▶ _Material for this task_:

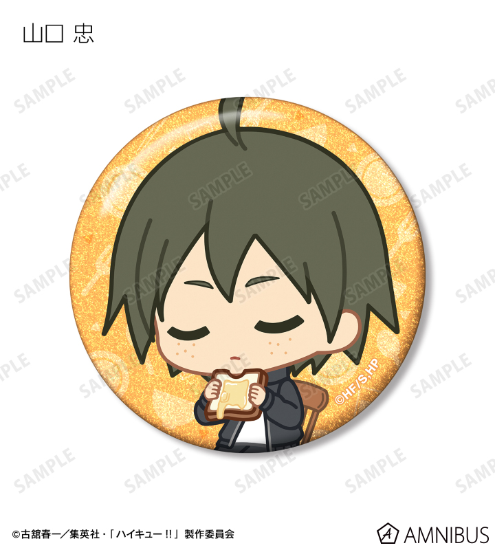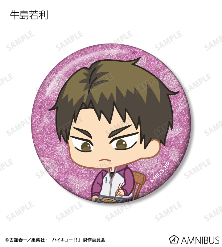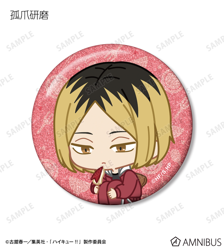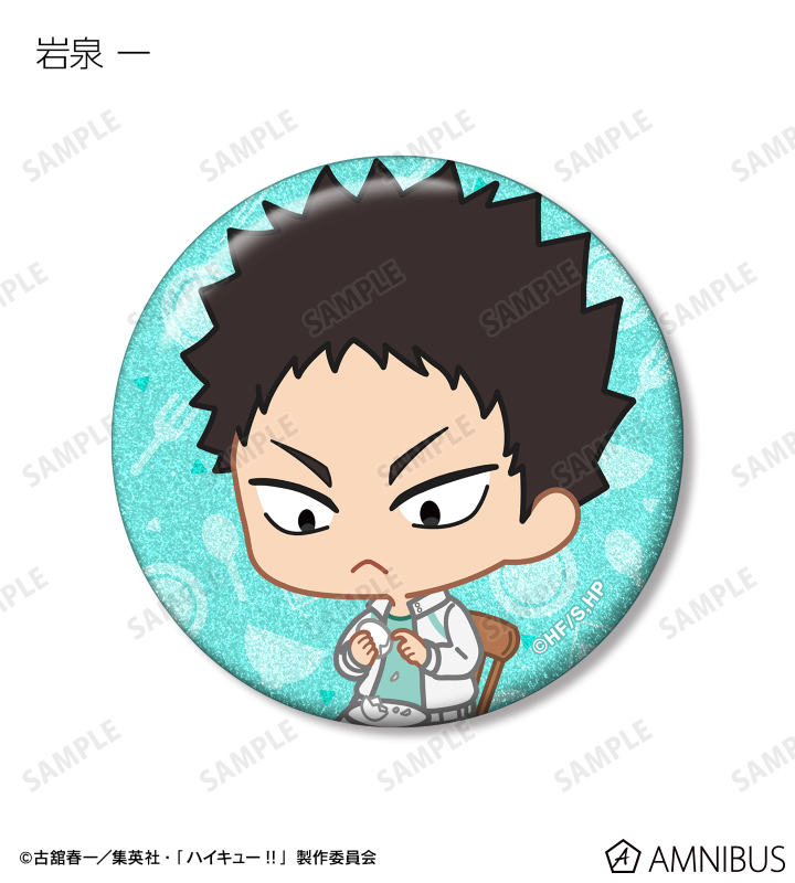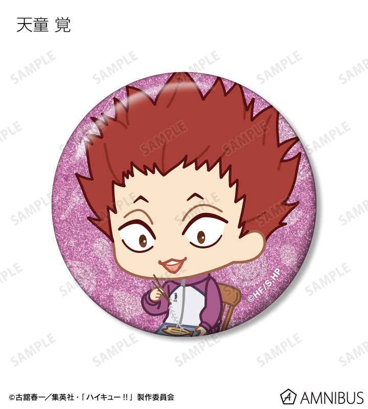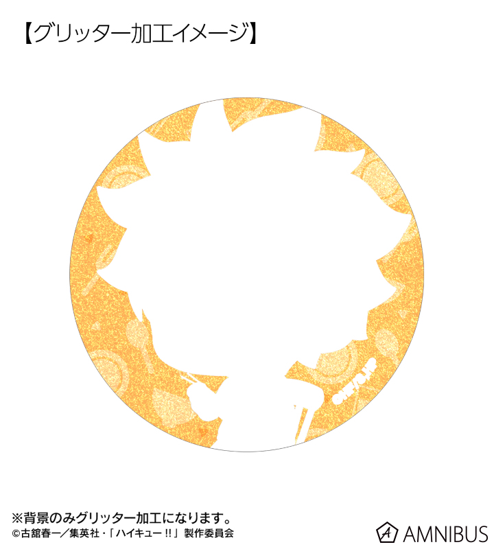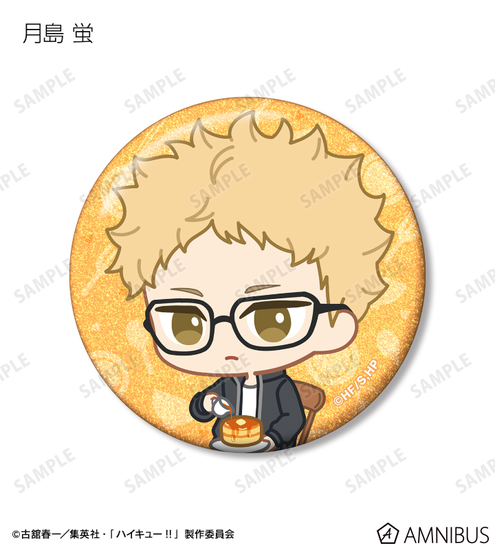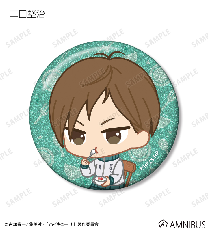 日向翔陽、影山飛雄、月島 蛍、山口 忠、及川 徹、岩泉 一、黒尾鉄朗、孤爪研磨、青根高伸、二口堅治、牛島若利、天童 覚、木兎光太郎、赤葦京治、宮 侑、宮 治、北 信介、角名倫太郎の描き起こしちびキャライラストをメインにデザインし、グリッター加工を施した缶バッジに仕上げました。
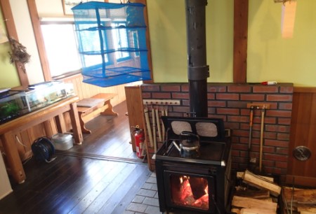 薪ストーブの熱で乾燥させます
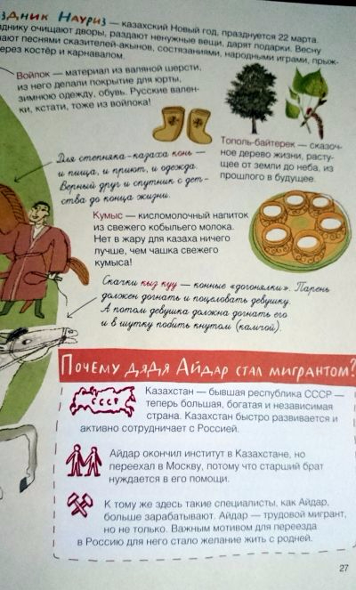 И я очень, очень рада, что издательство "Самокат" выпустило книгу, которая этому помогает. Книгу о том, что люди, которые в Москву приехали, тоже люди, о том, что они так же работают, радуются, помогают, много чего умеют и знают разное интересное. О том, что некоторым некуда возвращаться. Представляю, как сложно было выбирать верные слова, искать честные, но не пугающие детей объяснения. Получилось весело и познавательно.
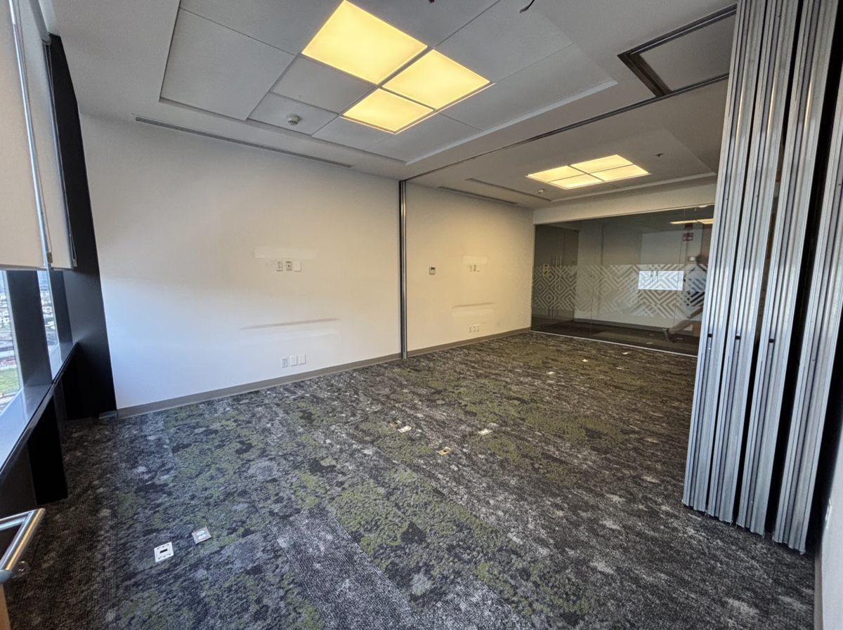 Sem mobília, mas totalmente equipada com carpetes, pisos, salas de reuniões, divisões, área de descanso e área para o site com prateleiras prontas para começar a operar.
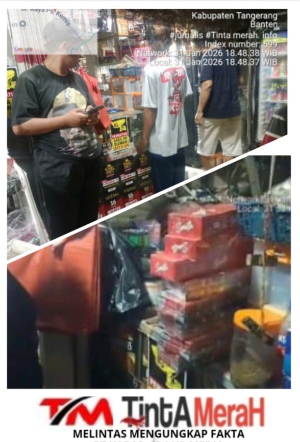 TintAMerah-Kab.Tangerang || Sebuah agen sembako bernama toko jenny berlokasi dijalan raya pasar Kemis kabupaten tangerang, diduga menimbun dan menjual puluhan roko tanpa cukai.
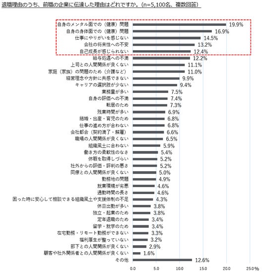 - 企業に伝えた退職理由は「自身のメンタル面・身体面での(健康)問題」が上位に
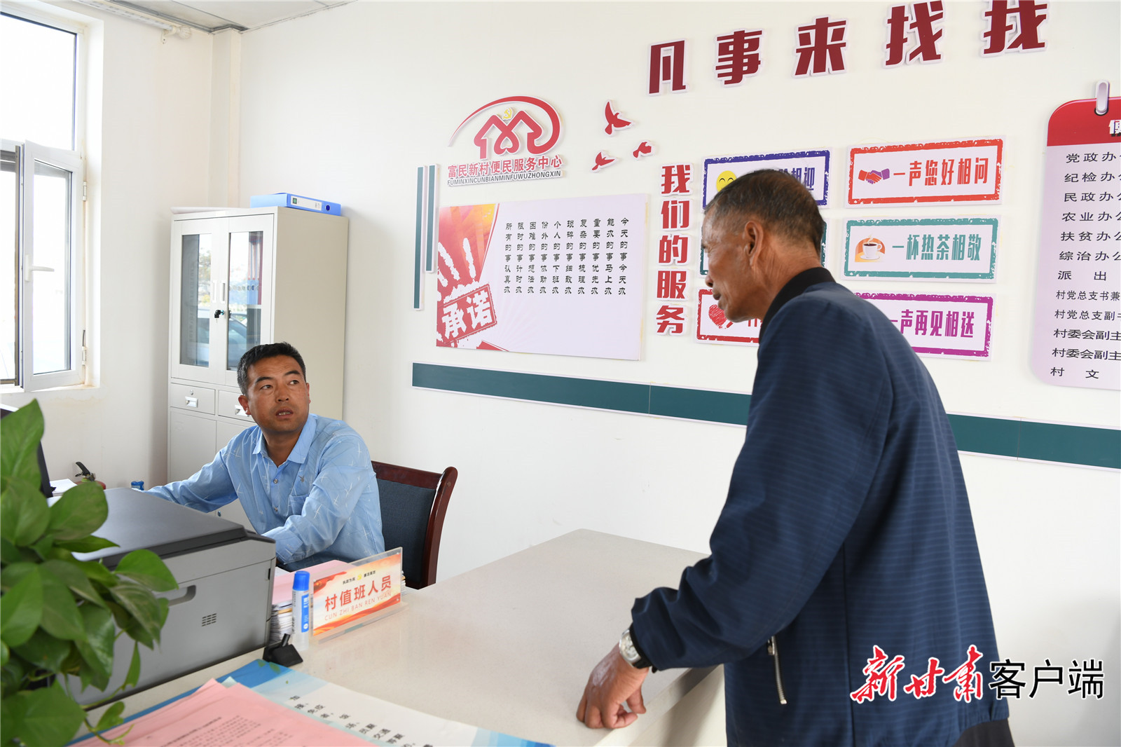 初秋时节,甘肃武威市古浪县黄花滩生态移民区富民新村土地平旷,屋舍俨然。走进富民新村党群服务中心,村民许贵连正在询问如何办理临时救助,他在业务台前询问了十几分钟,弄明白了相关政策。“村值班人员很有耐心,政策讲得清楚,办事也快。”许贵连说。
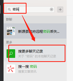 1) 在微信中,搜索:远程、密码、账号 关键字,搜更多聊天记录:

▶ _Exercise directions_: Leave out the pictures, then repeat the listing above exactly from its first line to the line with "薪ストーブの熱で乾燥させます", inclusive.

▶ _Finished exercise_:
 日向翔陽、影山飛雄、月島 蛍、山口 忠、及川 徹、岩泉 一、黒尾鉄朗、孤爪研磨、青根高伸、二口堅治、牛島若利、天童 覚、木兎光太郎、赤葦京治、宮 侑、宮 治、北 信介、角名倫太郎の描き起こしちびキャライラストをメインにデザインし、グリッター加工を施した缶バッジに仕上げました。
 薪ストーブの熱で乾燥させます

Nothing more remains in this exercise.